**What you are asked to do**
Line by line, repeat the material below exactly and skip the images.

**Provided material**
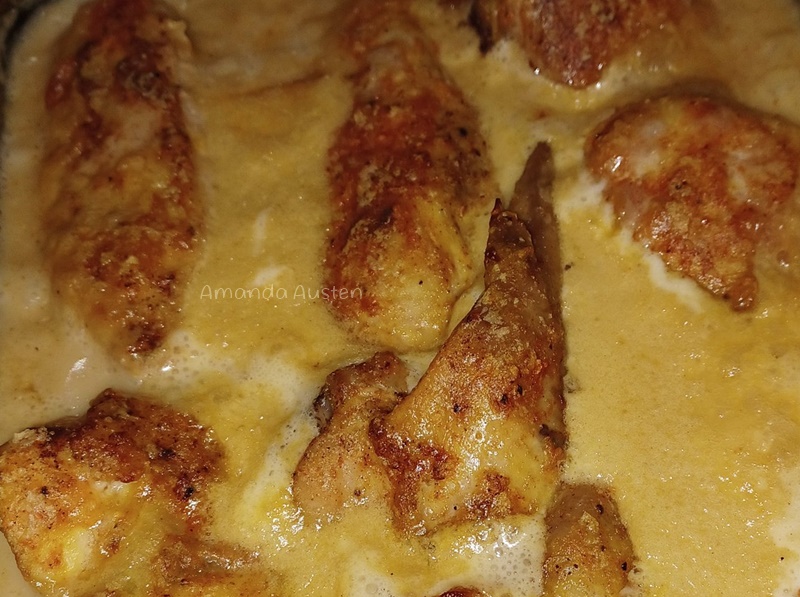 Giet die verpulpte sous oor die hoender en bak onbedek verder vir 20 – 25 min tot die sous verdik het.
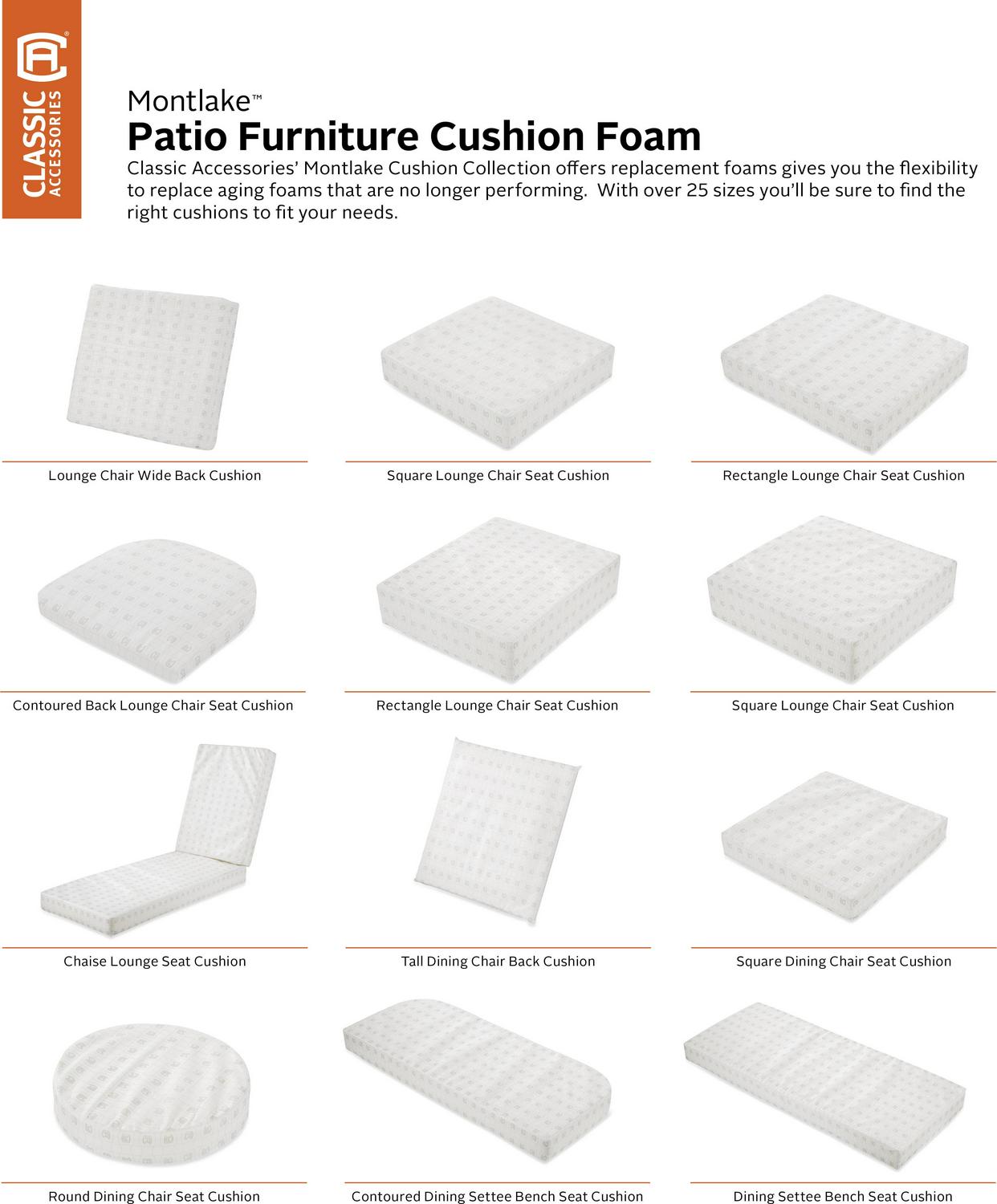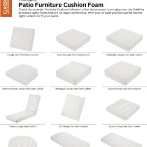 Patio Cushions by Classic Accessories offers replacement foams in 28 sizes giving you the flexibility to replace aging, under performing foams. This high quality foam uses a dense core with a soft outer layer to provide just the right give for a firm but comfortable surface. Available with matching slip covers in 6 colors, these foams can be purchased individually or along with the patio cushion cover to make a full replacement cushion for your patio furniture. When you buy a Classic Accessories patio cushion you are not just getting a cushion; you are also purchasing lasting comfort and peace of mind. Not only will your patio cushions be protected from the elements, but you will be protected with the easiest warranty in the industry. If your patio cushion fails within the warranty period, look for us online and take advantage of our Hassle-Free warranty program supported by our US-based customer service team.
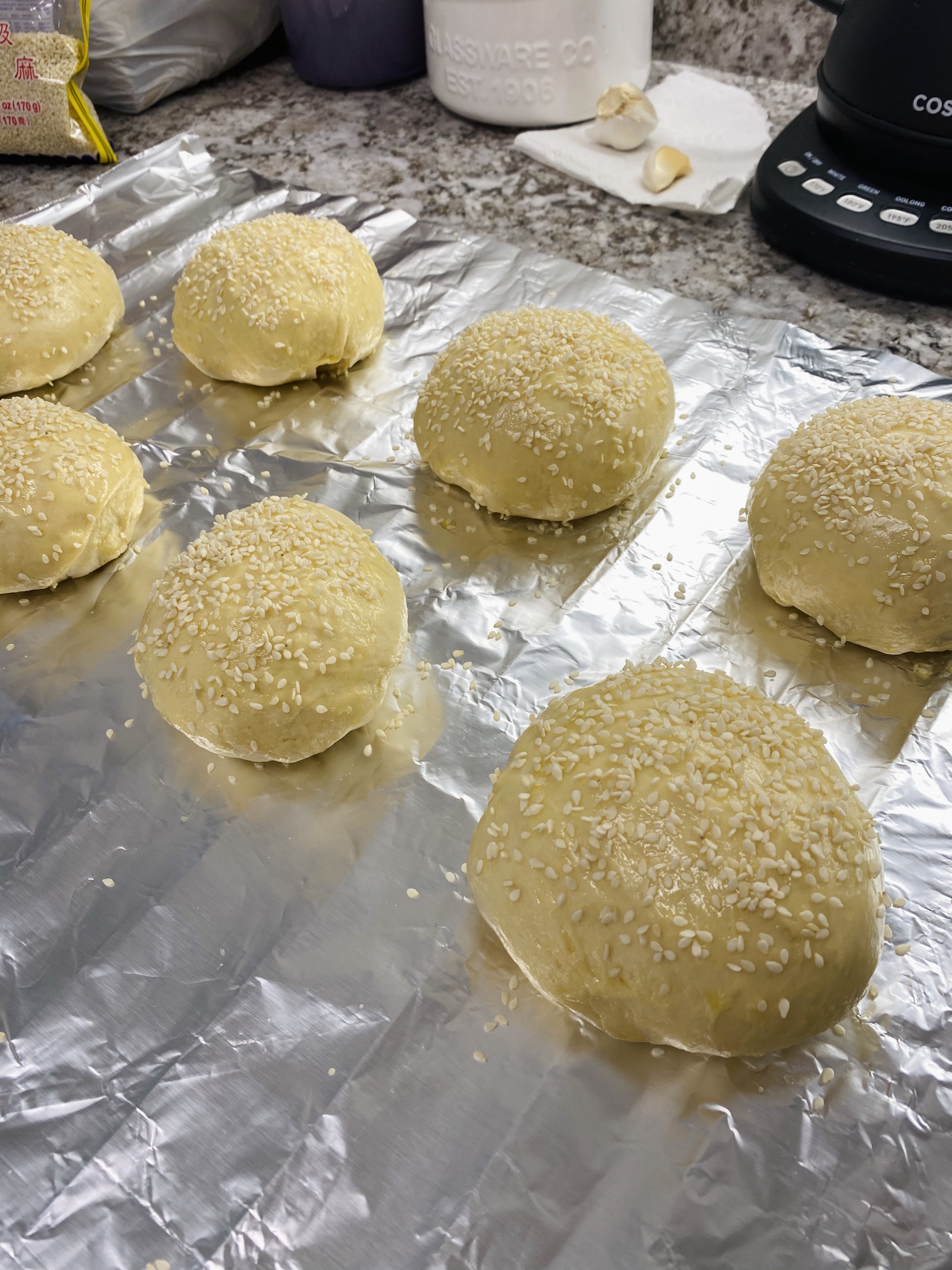 時間到取出排氣,切成6等份的圓,稍為壓扁一點圓,收口朝下,再醒15分鐘,表面刷上蛋液並灑上白芝麻,放入預熱好的烤箱390℉烤15分鐘,烤好取出放涼(好澎好可愛~)。

**Answer to this problem**
 Giet die verpulpte sous oor die hoender en bak onbedek verder vir 20 – 25 min tot die sous verdik het.
 Patio Cushions by Classic Accessories offers replacement foams in 28 sizes giving you the flexibility to replace aging, under performing foams. This high quality foam uses a dense core with a soft outer layer to provide just the right give for a firm but comfortable surface. Available with matching slip covers in 6 colors, these foams can be purchased individually or along with the patio cushion cover to make a full replacement cushion for your patio furniture. When you buy a Classic Accessories patio cushion you are not just getting a cushion; you are also purchasing lasting comfort and peace of mind. Not only will your patio cushions be protected from the elements, but you will be protected with the easiest warranty in the industry. If your patio cushion fails within the warranty period, look for us online and take advantage of our Hassle-Free warranty program supported by our US-based customer service team.
 時間到取出排氣,切成6等份的圓,稍為壓扁一點圓,收口朝下,再醒15分鐘,表面刷上蛋液並灑上白芝麻,放入預熱好的烤箱390℉烤15分鐘,烤好取出放涼(好澎好可愛~)。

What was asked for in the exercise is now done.